• _PROVIDED RECORDS_:
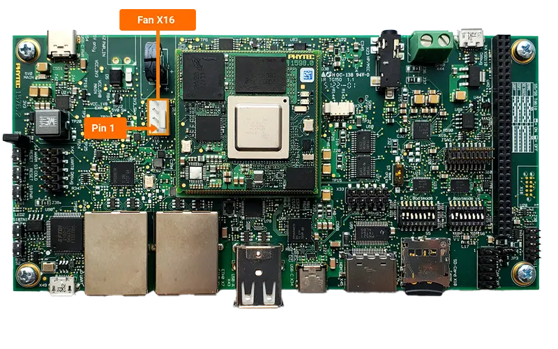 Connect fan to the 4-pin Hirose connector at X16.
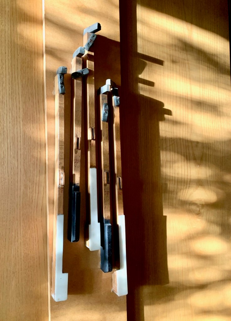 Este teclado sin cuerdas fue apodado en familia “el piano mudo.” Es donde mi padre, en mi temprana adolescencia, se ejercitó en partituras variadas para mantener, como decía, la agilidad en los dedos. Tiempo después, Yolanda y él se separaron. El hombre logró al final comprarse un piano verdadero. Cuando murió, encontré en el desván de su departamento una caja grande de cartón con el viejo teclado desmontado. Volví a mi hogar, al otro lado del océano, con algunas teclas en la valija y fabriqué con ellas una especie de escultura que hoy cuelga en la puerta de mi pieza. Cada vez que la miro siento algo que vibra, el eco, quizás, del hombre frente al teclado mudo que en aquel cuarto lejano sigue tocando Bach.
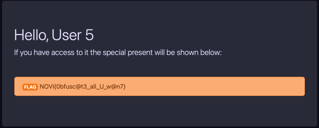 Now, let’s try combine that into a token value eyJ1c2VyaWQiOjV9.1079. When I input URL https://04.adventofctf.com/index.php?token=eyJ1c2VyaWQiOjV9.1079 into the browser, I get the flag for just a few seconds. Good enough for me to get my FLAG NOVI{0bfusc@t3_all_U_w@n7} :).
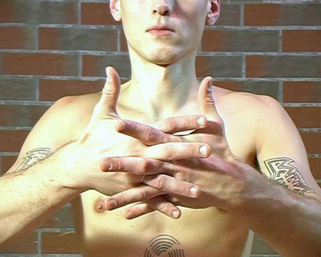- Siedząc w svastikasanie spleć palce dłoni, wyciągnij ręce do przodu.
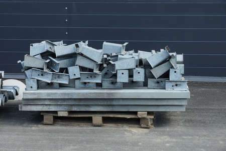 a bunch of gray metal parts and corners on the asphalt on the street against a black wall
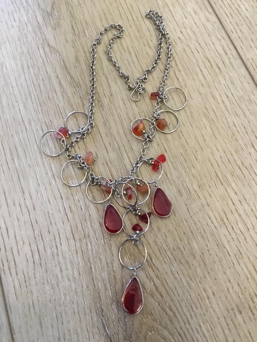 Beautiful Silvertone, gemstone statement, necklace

• _WHAT YOU HAVE TO DO_: What you return must match the material above exactly, apart from its pictures.

• _COMPLETED EXERCISE_:
 Connect fan to the 4-pin Hirose connector at X16.
 Este teclado sin cuerdas fue apodado en familia “el piano mudo.” Es donde mi padre, en mi temprana adolescencia, se ejercitó en partituras variadas para mantener, como decía, la agilidad en los dedos. Tiempo después, Yolanda y él se separaron. El hombre logró al final comprarse un piano verdadero. Cuando murió, encontré en el desván de su departamento una caja grande de cartón con el viejo teclado desmontado. Volví a mi hogar, al otro lado del océano, con algunas teclas en la valija y fabriqué con ellas una especie de escultura que hoy cuelga en la puerta de mi pieza. Cada vez que la miro siento algo que vibra, el eco, quizás, del hombre frente al teclado mudo que en aquel cuarto lejano sigue tocando Bach.
 Now, let’s try combine that into a token value eyJ1c2VyaWQiOjV9.1079. When I input URL https://04.adventofctf.com/index.php?token=eyJ1c2VyaWQiOjV9.1079 into the browser, I get the flag for just a few seconds. Good enough for me to get my FLAG NOVI{0bfusc@t3_all_U_w@n7} :).
- Siedząc w svastikasanie spleć palce dłoni, wyciągnij ręce do przodu.
 a bunch of gray metal parts and corners on the asphalt on the street against a black wall
 Beautiful Silvertone, gemstone statement, necklace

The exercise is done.